INFO: Recompiling stale cache file /Users/tamasnagy/.julia/lib/v0.4/Rmath.ji for module Rmath.
INFO: Recompiling stale cache file /Users/tamasnagy/.julia/lib/v0.4/StatsFuns.ji for module StatsFuns.
INFO: Recompiling stale cache file /Users/tamasnagy/.julia/lib/v0.4/StatsBase.ji for module StatsBase.
INFO: Recompiling stale cache file /Users/tamasnagy/.julia/lib/v0.4/Distributions.ji for module Distributions.
WARNING: Module Rmath uuid did not match cache file
  This is likely because module Rmath does not support  precompilation but is imported by a module that does.
ERROR: __precompile__(true) but require failed to create a precompiled cache file
 in require at /usr/local/Cellar/julia/0.4.5/lib/julia/sys.dylib
tkelman commented 8 years ago

Pkg check staleness

staleness check happens in using (actually require, which is also used by import), not Pkg

tlnagy commented 8 years ago

Thanks! I updated the original post.

stevengj commented 8 years ago

I see, the problem here is that the timestamp has changed because Pkg.build("Rmath") regenerates its deps.jl file, but the code hasn't actually changed so the rebuild (which triggers #12508) is not actually needed.

As a workaround, @BinDeps.install could overwrite the deps.jl file only if it has changed.

tkelman commented 8 years ago

that was a workaround I suggested in the StatsBase issue, but I think this could happen for other reasons and might be good for making .ji files easier to redistribute, if the checksum is cheap enough. x-ref https://github.com/JuliaLang/julia/pull/12458#issuecomment-129859137

vchuravy commented 8 years ago

Making staleness depend on the hash would be great for users who work on distributed system (supercomputers and such). @andreasnoack and I have been running into problems sometimes.

stevengj commented 8 years ago

Here is a nice-looking hardware-accelerated BSD-licensed CRC32c implementation in C by Mark Adler: http://stackoverflow.com/questions/17645167/implementing-sse-4-2s-crc32c-in-software/1

stevengj commented 8 years ago

And here is a benchmark of different CRC routines, concluding that Adler's routine is pretty much the fastest.

vtjnash commented 8 years ago

I've always been fairly against doing this with checksums.
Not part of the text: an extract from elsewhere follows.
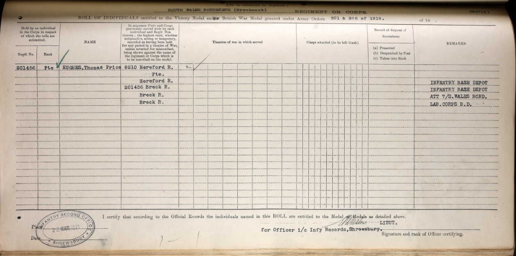 8210 Private Thomas Price HUGHES

I agree there needs to be more development here, but I haven't been able to develop a complete proposal yet to address these and other similar issues.

stevengj commented 8 years ago

@vtjnash, doing if !timestamps_match && !checksums_match then regenerate_cache seems like a strict improvement over if !timestamps_match (if the time for the checksum is negligible, which seems likely), by reducing the chance of false positives. What is the nature of your objection?

stevengj commented 8 years ago

Should this be closed in light of the discussion at #18127?